(Data excerpts begins)
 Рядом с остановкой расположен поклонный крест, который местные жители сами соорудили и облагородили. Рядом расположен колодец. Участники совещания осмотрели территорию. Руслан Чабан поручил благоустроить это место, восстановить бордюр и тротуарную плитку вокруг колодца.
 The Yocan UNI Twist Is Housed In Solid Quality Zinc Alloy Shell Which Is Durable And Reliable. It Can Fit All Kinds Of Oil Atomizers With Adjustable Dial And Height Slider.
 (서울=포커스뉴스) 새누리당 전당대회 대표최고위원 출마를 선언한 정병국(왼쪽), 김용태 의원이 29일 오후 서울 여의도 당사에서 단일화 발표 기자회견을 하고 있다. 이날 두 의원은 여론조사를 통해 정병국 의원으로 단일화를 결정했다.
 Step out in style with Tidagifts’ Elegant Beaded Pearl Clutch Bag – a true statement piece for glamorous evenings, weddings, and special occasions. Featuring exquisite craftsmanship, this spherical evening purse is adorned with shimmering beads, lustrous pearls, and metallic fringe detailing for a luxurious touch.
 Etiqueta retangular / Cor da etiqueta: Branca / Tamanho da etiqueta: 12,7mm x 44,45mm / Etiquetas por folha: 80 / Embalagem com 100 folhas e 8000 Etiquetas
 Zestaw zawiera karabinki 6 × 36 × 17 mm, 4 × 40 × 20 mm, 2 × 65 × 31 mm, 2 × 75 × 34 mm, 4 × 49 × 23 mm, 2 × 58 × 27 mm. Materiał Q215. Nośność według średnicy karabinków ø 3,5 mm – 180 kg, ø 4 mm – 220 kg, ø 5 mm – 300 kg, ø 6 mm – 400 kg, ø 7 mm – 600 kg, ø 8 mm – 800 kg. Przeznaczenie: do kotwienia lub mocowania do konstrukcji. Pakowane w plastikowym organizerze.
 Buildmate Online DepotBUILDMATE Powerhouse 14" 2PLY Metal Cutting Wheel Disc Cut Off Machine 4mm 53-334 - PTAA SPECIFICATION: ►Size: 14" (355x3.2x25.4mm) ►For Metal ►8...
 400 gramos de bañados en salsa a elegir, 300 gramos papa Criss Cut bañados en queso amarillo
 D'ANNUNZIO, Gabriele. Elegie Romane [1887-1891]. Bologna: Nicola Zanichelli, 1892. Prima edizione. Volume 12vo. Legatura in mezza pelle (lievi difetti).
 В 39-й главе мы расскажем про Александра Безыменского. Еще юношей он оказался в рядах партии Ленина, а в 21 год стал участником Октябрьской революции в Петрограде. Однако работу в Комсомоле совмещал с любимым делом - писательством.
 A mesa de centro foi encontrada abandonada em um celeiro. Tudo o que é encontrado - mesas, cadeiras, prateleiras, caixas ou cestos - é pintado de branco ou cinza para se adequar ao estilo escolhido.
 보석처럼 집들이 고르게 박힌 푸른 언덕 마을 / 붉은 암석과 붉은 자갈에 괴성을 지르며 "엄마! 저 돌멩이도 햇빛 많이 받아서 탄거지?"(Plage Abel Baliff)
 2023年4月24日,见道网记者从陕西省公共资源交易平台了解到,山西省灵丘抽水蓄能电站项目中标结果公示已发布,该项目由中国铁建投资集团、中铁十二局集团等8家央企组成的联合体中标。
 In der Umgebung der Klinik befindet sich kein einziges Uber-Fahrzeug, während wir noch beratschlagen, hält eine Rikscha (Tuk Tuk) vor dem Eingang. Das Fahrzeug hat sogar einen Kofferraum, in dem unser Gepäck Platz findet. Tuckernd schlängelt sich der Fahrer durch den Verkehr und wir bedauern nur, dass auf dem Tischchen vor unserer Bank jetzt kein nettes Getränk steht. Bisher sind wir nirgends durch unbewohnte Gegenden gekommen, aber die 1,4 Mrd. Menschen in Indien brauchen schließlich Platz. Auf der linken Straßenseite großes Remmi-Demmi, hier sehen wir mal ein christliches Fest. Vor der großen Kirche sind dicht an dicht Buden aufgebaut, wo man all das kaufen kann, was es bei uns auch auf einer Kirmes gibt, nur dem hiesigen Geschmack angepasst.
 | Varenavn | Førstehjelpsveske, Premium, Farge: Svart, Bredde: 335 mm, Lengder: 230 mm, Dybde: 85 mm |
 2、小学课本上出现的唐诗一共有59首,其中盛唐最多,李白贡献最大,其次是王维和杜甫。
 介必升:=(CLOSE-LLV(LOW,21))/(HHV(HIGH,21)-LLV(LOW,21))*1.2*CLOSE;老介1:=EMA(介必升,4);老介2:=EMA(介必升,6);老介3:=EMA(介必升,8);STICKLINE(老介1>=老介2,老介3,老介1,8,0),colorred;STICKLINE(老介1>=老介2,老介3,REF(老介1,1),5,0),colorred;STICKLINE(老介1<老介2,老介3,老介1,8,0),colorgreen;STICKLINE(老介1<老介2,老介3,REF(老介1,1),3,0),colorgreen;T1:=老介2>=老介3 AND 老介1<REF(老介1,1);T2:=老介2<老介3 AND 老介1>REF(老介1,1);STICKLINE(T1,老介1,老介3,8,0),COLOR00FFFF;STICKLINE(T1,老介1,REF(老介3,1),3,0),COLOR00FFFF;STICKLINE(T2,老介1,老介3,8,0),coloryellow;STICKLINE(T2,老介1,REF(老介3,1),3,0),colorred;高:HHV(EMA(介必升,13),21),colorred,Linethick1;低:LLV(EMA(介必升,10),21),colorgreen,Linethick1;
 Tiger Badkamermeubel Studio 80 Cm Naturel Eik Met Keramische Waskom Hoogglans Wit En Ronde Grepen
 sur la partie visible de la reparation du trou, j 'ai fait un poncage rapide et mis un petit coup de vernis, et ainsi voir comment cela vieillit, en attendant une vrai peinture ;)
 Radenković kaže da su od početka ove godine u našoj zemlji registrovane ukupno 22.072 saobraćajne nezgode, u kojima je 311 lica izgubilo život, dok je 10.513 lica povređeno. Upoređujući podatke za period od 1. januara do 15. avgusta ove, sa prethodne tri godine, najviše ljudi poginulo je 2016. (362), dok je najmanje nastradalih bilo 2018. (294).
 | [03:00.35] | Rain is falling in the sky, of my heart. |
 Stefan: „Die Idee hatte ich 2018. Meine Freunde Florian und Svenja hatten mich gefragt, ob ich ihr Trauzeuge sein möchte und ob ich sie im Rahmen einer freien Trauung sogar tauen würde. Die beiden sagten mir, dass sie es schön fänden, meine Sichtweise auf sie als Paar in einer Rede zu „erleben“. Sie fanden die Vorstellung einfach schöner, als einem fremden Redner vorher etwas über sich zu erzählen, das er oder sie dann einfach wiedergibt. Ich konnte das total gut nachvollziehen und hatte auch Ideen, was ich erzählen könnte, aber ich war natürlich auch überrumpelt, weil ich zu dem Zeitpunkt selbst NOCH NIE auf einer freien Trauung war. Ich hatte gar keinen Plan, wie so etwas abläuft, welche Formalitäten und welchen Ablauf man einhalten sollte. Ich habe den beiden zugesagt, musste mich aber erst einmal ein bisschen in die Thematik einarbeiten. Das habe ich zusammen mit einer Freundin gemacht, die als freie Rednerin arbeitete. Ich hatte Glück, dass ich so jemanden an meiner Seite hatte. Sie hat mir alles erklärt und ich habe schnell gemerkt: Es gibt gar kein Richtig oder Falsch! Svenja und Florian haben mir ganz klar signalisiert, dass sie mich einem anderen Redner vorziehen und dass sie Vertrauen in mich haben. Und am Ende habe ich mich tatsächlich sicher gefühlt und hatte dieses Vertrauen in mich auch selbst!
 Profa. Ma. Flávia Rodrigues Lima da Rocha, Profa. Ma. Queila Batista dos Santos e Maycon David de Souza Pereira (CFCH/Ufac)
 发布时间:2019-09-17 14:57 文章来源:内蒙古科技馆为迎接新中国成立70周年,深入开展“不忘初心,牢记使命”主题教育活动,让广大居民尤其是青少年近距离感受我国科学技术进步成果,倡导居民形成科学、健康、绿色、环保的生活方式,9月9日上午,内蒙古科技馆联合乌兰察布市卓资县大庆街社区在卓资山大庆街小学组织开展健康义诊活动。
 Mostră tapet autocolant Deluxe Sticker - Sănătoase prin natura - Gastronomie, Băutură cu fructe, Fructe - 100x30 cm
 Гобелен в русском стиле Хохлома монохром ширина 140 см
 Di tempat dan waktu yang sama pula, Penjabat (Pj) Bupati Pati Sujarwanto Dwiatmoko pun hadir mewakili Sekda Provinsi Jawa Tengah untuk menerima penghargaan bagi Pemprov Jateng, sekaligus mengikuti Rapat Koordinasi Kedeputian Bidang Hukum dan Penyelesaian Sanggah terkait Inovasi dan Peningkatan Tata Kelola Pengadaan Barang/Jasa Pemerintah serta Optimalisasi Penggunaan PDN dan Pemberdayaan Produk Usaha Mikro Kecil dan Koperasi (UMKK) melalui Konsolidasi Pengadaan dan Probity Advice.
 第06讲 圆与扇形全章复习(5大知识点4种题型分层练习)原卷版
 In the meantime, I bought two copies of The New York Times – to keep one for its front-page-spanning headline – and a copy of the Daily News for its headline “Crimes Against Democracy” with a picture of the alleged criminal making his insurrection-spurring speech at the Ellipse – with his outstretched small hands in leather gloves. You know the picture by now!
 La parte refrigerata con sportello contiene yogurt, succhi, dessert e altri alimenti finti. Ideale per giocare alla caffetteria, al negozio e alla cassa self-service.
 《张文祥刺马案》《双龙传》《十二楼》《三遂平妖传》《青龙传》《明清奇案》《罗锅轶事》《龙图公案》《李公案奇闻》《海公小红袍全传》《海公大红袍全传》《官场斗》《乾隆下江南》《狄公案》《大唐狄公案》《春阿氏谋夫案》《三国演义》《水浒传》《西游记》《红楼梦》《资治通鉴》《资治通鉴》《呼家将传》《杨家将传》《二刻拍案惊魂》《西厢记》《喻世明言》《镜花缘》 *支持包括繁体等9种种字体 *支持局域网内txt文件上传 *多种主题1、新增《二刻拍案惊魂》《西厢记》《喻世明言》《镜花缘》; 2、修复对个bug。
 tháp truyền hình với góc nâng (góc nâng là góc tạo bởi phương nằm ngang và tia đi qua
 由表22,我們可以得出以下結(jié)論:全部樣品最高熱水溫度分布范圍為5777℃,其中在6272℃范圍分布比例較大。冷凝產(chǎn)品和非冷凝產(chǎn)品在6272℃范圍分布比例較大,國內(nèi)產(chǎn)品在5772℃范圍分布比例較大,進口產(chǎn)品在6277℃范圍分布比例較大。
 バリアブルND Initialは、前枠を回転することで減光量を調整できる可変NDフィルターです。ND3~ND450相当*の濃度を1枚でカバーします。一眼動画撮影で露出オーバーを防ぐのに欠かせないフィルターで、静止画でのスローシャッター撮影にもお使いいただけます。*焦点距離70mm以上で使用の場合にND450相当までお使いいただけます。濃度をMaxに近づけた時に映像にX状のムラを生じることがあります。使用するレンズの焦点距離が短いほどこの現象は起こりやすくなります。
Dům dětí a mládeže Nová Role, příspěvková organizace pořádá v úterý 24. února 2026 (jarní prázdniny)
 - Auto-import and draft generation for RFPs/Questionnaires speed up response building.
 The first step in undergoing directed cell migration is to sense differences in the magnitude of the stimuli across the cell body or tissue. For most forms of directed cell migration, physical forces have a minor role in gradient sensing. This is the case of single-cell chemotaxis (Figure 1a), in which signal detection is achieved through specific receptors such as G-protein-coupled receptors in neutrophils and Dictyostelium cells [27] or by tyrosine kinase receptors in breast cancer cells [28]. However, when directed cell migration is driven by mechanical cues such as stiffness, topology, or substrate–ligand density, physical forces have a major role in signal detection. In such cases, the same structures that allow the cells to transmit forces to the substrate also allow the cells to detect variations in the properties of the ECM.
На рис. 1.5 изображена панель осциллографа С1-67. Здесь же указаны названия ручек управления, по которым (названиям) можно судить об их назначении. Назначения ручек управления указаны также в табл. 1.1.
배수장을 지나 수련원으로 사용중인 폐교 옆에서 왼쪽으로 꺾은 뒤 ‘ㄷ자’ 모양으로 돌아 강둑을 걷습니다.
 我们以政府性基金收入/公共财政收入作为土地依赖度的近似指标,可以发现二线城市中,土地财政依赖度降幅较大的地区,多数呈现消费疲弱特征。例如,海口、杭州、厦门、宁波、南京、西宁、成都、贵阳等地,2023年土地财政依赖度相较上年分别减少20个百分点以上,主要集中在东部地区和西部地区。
(Data excerpts ends)
What the task requires: For this exercise, output exactly the lines above from the line with "sur la partie" to the line with "my heart. |", counting both, and leave out the rest.

Written response:
 sur la partie visible de la reparation du trou, j 'ai fait un poncage rapide et mis un petit coup de vernis, et ainsi voir comment cela vieillit, en attendant une vrai peinture ;)
 Radenković kaže da su od početka ove godine u našoj zemlji registrovane ukupno 22.072 saobraćajne nezgode, u kojima je 311 lica izgubilo život, dok je 10.513 lica povređeno. Upoređujući podatke za period od 1. januara do 15. avgusta ove, sa prethodne tri godine, najviše ljudi poginulo je 2016. (362), dok je najmanje nastradalih bilo 2018. (294).
 | [03:00.35] | Rain is falling in the sky, of my heart. |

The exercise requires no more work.